Bottom line: @mentions are the fastest way to inject precise, relevant context.

What is "Impersonation" in Windsurf and How Does it Work?

Impersonation is a technique where Windsurf adopts a specific role or persona to guide its outputs.

This is similar to role-based prompting, a widely used technique where assigning a role improves output relevance and tone (OpenAI Prompt Engineering Guide).

This is useful for tasks that require a particular perspective, such as design, QA, or architecture.

Example of impersonation

“Impersonate a senior UX designer focused on usability.”

Advanced use: Persona files

You can create reusable profiles (e.g., @luna.md) that define:

  • Tone
  • Priorities
  • Constraints

Then use: “Impersonate @luna”

Use cases for Impersonation

  • UX/UI design perspectives
  • Code review roles
  • Architecture decision-making
  • Testing and QA validation

Why it works

Impersonation narrows the model’s decision space by:

  • Defining priorities (e.g., usability vs performance)
  • Applying consistent criteria across outputs

Real-world workflow tip: In practice, teams use impersonation to:

  • Generate quick prototypes (HTML/CSS)
  • Validate ideas before implementation
  • Run AI-powered code reviews after development

Conclusion: Impersonation adds focus and expertise to AI outputs.
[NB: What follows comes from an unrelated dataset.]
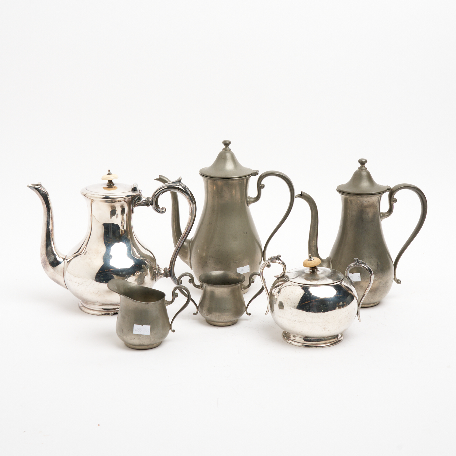 A COLLECTION OF PEWTER AND PLATED COFFEE POTS H.26CM

Rules vs Memories vs @mentions vs Impersonation

Feature Purpose Scope Best Use Case
Rules Define behavior Global / Project Consistency
Memories Store context Project Long-term projects
@mentions Inject data Instant Precision
Impersonation Change perspective Task-based Specialized outputs

How to give Windsurf the best context (Checklist)

Use this checklist before prompting:

  • ✅ Define clear rules
  • ✅ Add key memories
  • ✅ Reference files with @mentions
  • ✅ Use impersonation for complex tasks
  • ✅ Keep instructions short and specific

Common mistakes when using Windsurf

  • ❌ Giving too many rules at once
  • ❌ Not updating memories after changes
  • ❌ Writing vague prompts
  • ❌ Not referencing actual files
  • ❌ Expecting Windsurf to “just know” your project

Fix: Always provide explicit, structured context.

Final Summary

To get better results from Windsurf, you need to control its context.
Use rules for consistency, memories for persistence, @mentions for precision, and impersonation for focus.

The clearer your context, the better your code.